After locating the line with "This pattern is" below, output it and each following line exactly, stopping after the line with "昨年度大好評!リニューアルして今年も登場! 数量限定『兵庫ブランドを味わう 冬の鍋三昧セット". No pictures.

# Supplied data
---+---

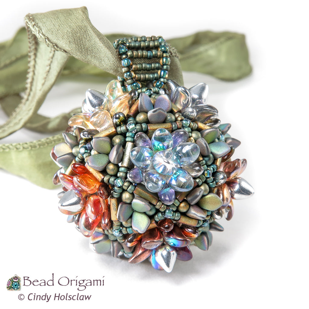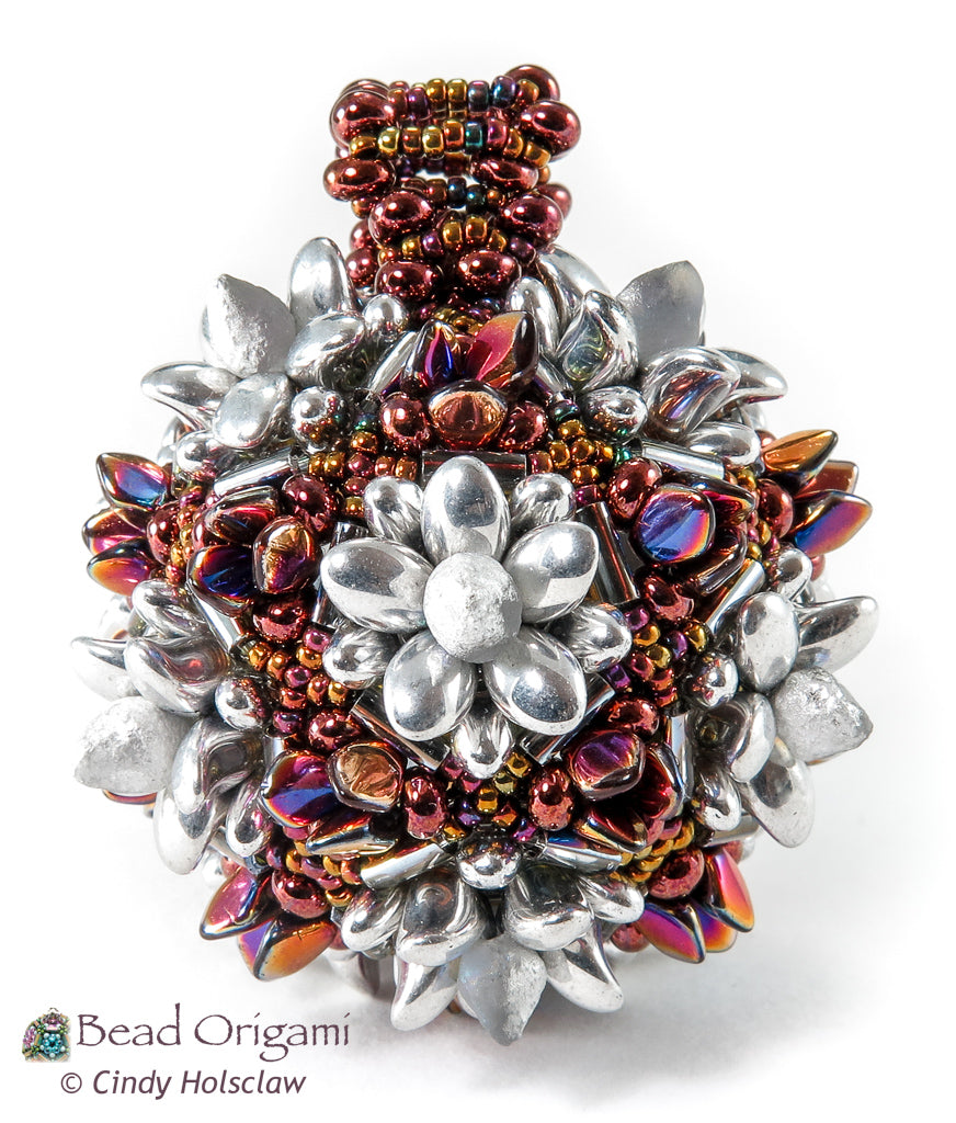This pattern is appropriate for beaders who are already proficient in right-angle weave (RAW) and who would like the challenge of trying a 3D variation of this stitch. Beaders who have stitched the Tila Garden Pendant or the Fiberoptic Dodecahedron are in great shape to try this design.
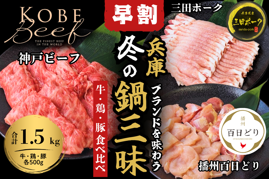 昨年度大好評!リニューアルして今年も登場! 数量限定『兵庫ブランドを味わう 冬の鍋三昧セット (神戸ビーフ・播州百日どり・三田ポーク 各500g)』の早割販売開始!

---+---

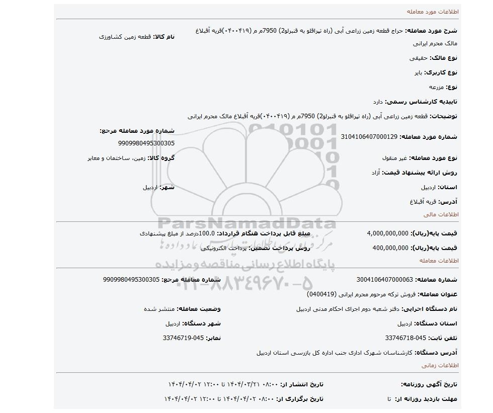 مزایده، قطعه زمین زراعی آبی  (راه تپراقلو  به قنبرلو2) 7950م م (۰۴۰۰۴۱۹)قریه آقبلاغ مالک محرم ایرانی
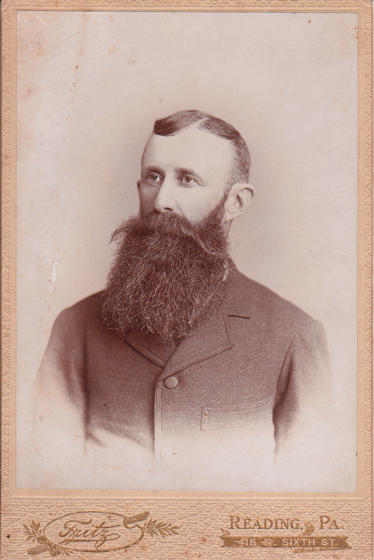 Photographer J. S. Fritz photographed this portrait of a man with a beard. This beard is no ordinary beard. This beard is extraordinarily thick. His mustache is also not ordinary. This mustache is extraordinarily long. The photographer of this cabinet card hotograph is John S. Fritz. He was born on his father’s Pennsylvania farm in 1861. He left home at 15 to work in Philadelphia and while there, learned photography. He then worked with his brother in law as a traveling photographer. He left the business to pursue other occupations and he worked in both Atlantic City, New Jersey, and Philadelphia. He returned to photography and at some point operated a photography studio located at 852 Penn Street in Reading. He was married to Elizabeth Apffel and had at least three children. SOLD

---+---

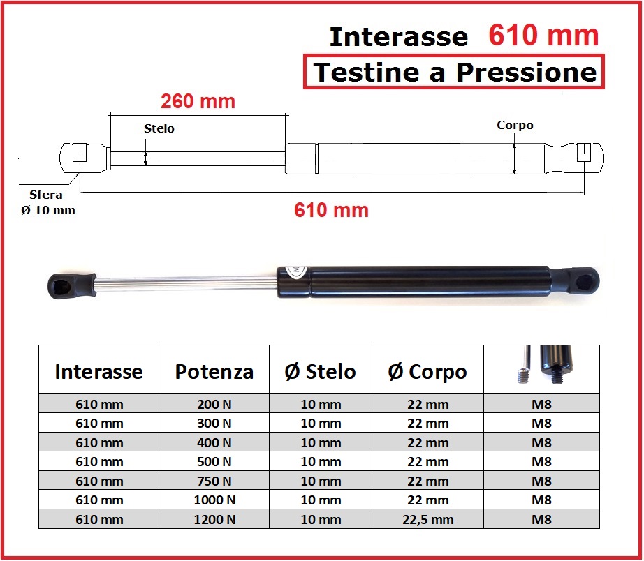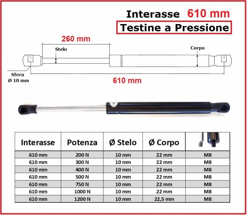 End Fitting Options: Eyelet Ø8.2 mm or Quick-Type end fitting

---+---

# Response box
This pattern is appropriate for beaders who are already proficient in right-angle weave (RAW) and who would like the challenge of trying a 3D variation of this stitch. Beaders who have stitched the Tila Garden Pendant or the Fiberoptic Dodecahedron are in great shape to try this design.
 昨年度大好評!リニューアルして今年も登場! 数量限定『兵庫ブランドを味わう 冬の鍋三昧セット (神戸ビーフ・播州百日どり・三田ポーク 各500g)』の早割販売開始!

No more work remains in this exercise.